■ **About this exercise**
Check every line of the data below for the word "with". Copy the ones that have it.

■ **The data**
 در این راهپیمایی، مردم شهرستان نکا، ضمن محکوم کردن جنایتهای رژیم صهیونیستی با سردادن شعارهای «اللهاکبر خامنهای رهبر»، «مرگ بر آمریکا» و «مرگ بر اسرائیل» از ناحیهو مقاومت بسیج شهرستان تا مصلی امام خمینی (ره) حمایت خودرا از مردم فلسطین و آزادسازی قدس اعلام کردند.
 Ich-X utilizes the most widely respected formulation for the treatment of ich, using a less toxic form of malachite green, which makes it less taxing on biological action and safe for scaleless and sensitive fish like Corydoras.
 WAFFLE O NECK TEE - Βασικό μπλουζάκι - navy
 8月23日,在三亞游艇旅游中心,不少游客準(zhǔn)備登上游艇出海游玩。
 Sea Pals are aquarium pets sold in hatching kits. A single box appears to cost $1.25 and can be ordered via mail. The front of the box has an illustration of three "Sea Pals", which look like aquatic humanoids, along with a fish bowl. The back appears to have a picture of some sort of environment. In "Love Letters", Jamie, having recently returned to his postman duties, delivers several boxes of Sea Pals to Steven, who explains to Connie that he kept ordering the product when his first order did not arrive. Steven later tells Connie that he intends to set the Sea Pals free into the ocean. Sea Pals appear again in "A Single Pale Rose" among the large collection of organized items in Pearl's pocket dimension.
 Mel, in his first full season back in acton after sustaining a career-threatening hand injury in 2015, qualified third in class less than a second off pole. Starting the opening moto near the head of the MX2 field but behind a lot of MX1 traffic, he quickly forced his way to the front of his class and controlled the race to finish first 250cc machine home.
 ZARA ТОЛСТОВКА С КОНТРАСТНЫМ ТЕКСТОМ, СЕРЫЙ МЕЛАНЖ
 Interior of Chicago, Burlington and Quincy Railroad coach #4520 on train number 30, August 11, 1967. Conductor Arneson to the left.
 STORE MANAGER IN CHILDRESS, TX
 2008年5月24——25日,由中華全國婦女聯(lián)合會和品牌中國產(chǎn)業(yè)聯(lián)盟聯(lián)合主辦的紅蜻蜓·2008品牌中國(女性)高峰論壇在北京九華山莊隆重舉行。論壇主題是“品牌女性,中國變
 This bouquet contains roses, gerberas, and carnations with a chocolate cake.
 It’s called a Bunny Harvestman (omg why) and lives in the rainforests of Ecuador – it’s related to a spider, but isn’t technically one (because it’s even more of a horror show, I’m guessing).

■ **Response below**
 Sea Pals are aquarium pets sold in hatching kits. A single box appears to cost $1.25 and can be ordered via mail. The front of the box has an illustration of three "Sea Pals", which look like aquatic humanoids, along with a fish bowl. The back appears to have a picture of some sort of environment. In "Love Letters", Jamie, having recently returned to his postman duties, delivers several boxes of Sea Pals to Steven, who explains to Connie that he kept ordering the product when his first order did not arrive. Steven later tells Connie that he intends to set the Sea Pals free into the ocean. Sea Pals appear again in "A Single Pale Rose" among the large collection of organized items in Pearl's pocket dimension.
 This bouquet contains roses, gerberas, and carnations with a chocolate cake.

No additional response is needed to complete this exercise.